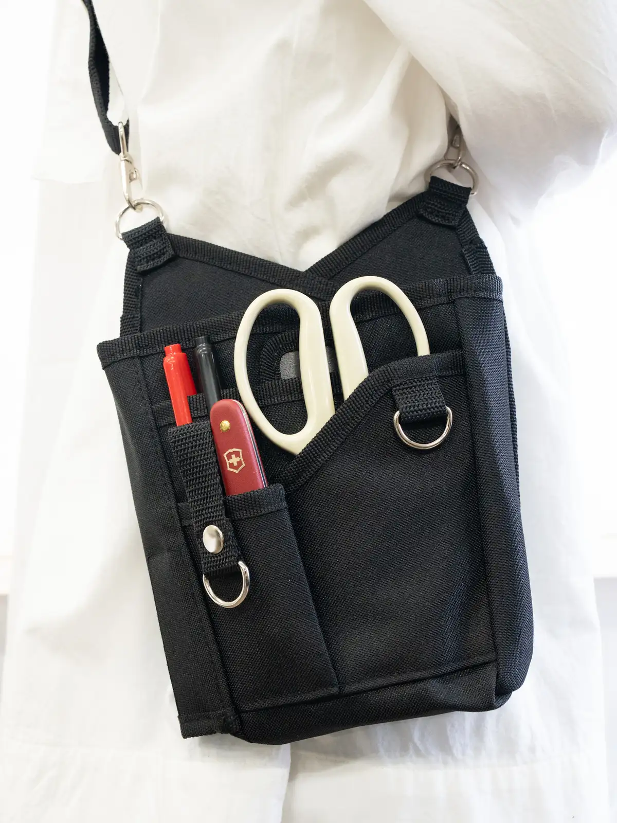 フローリストの必需品、軽量で使いやすいシザーバッグです。道具類をまとめて収納でき、作業効率をアップ。水に強いPVCポケットや2WAY仕様で、現場での動きを妨げません。 ※事業者の方で大口購入の方はお問い合わせよりご相談ください。
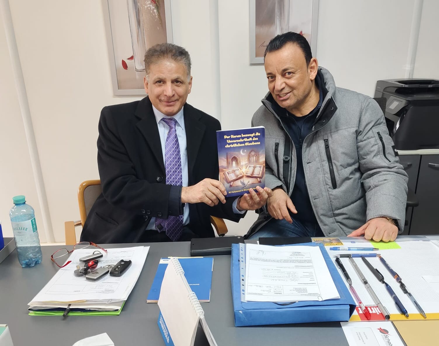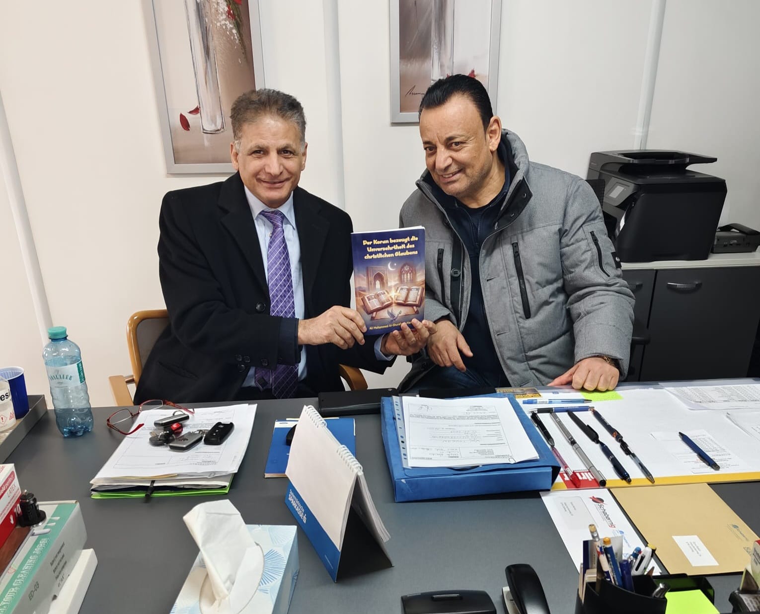 وفي هذا السياق، التقى العبيدي داخل أحد المكاتب النمساوية بأحد المسؤولين في قطاع الأعمال وهو الاستاذ الياس ، بعد تواصل مسبق لشرح مشروع الشرفاء الحمادي. وخلال اللقاء، قدّم له كتيّب الشرفاء المترجم إلى الألمانية "القرآن يشهد بصواب العقيدة المسيحية"، في مكتب تتجلى فيه الرموز الدينية المسيحية، وهو ما أضفى على اللقاء دلالة خاصة تعكس طبيعة الحوار بين المرجعيتين الإسلامية والمسيحية.
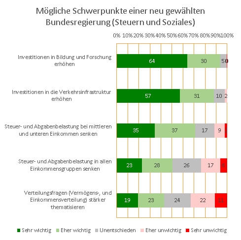 Zu möglichen Steuer- und Abgabensenkungen, die zu mehr Investitionen tendenziell in einem Zielkonflikt stehen, ist das Meinungsbild differenziert: 73 Prozent halten eine Entlastung von mittleren und geringen Einkommen für wichtig, aber nur 49 Prozent eine Entlastung aller Einkünfte. Immerhin 44 Prozent sind der Auffassung, dass Verteilungsfragen wie Vermögens-, und Einkommensverteilung stärker thematisiert werden müssten. Führungskräfte sind also offenbar teilweise bereit, von eigenen finanziellen Interessen abzusehen und „das große Ganze“ im Blick zu behalten.
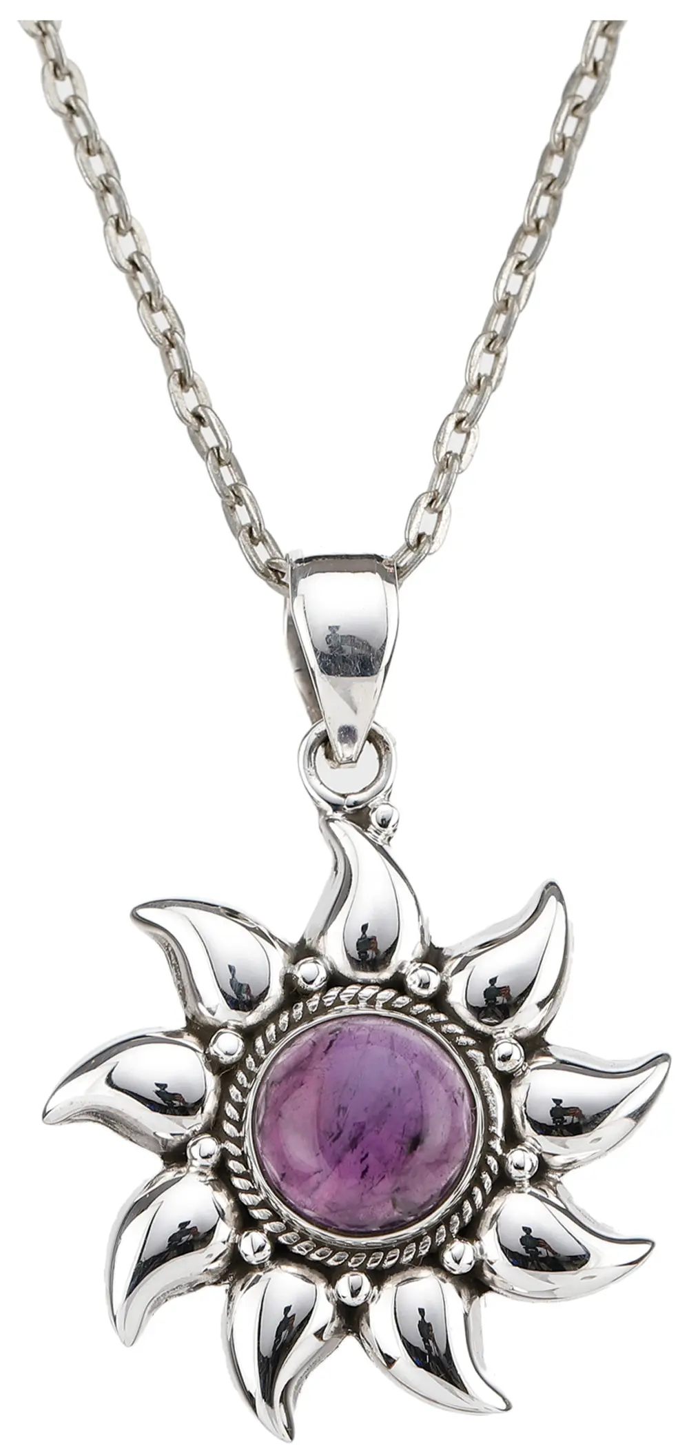 Made of sterling silver and amethyst, this pendant measures at 1.5 inch in height, and 1 inch in width. Weighing 11 grams, it is neither too heavy nor light. At the perfect weight, this statement jewelry brings elegance and grace to the wearer. The pendant is moulded into an inverted tear-drop shape, with the purple amethyst encrusted as the centrepiece. Amethyst is known for its healing properties, and the natural calming effects to soothe and dispel mood swings, rage, fear and anxiety. On the borders of the amethyst, are layers of repeated circular and triangular motifs, tracing the shape of the pendant.
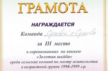 Команда нашей школы "Сулеевец" награждена Грамотой и медалью за 1 место в соревнованиях по хоккею "Золотая шайба" среди сельских команд по месту жительства в возрастной группе 1996-1997 г.р.
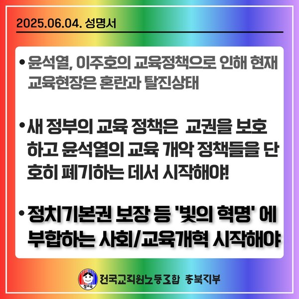 【이재명‧국민주권정부에 바란다】 전교조 충북지부
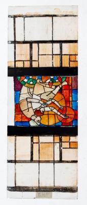 Brief description: A transparent design showing two figures holding their hands to a red orb, probably the sun. This design is for a stained glass window by Ervin Bossanyi.
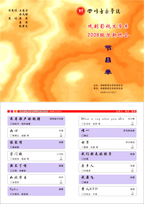 2008年10月23日晚六点,戏剧影视文学系于演艺厅举办了迎新晚会。系主任王慧才、系党支书于光昭,院教务处陈处长等院系领导参加了这次晚会。 此次晚会节目异彩纷呈,充分展现了同学们的才艺。开场表演《我要飞》以动感的节奏、精彩的演唱将现场气氛带动起来;钢琴与长笛的合奏《乘着歌声的翅膀》使观众沉浸在美妙的音乐中;大一新生排演的小型话剧《宫门赋》展现了同学们精湛的编、导、演才华;葛赞同学的原创歌曲《女子》让大家领略到戏文新生的音乐造诣;压轴节目男生二重唱《男人KTV》更是以完美的表现引得现场掌声不断,尖叫连连。此外,优美的舞蹈、感人的朗诵、滑稽的相声等精彩节目也给观众留下了深刻印象。互动环节更是拉近了舞台与观众的距离。晚会临近尾声,全体演员合唱《同一首歌》。最后王慧才主任讲话,肯定了这次晚会的质量,也对同学们提出了要求,寄予了厚望。 晚会的顺利开展不仅倾注了演员的努力,更离不开领导、老师及同学们的支持,尤其是学生会同学的种种付出以及各部门之间的密切配合,才换来晚会的圆满成功。这次晚会拉近了大一新生与学长学姐之间的距离,使我们彼此之间更加熟悉,关系更加融洽,尽快融入到戏文系这个大家庭中。

· · · · · · ·

Write back the stretch of lines above that begins with the line holding "바란다】 전교조 충북지부" and ends with the line holding "Brief description: A", both included, exactly as written. Pictures stay out.

 【이재명‧국민주권정부에 바란다】 전교조 충북지부
 Brief description: A transparent design showing two figures holding their hands to a red orb, probably the sun. This design is for a stained glass window by Ervin Bossanyi.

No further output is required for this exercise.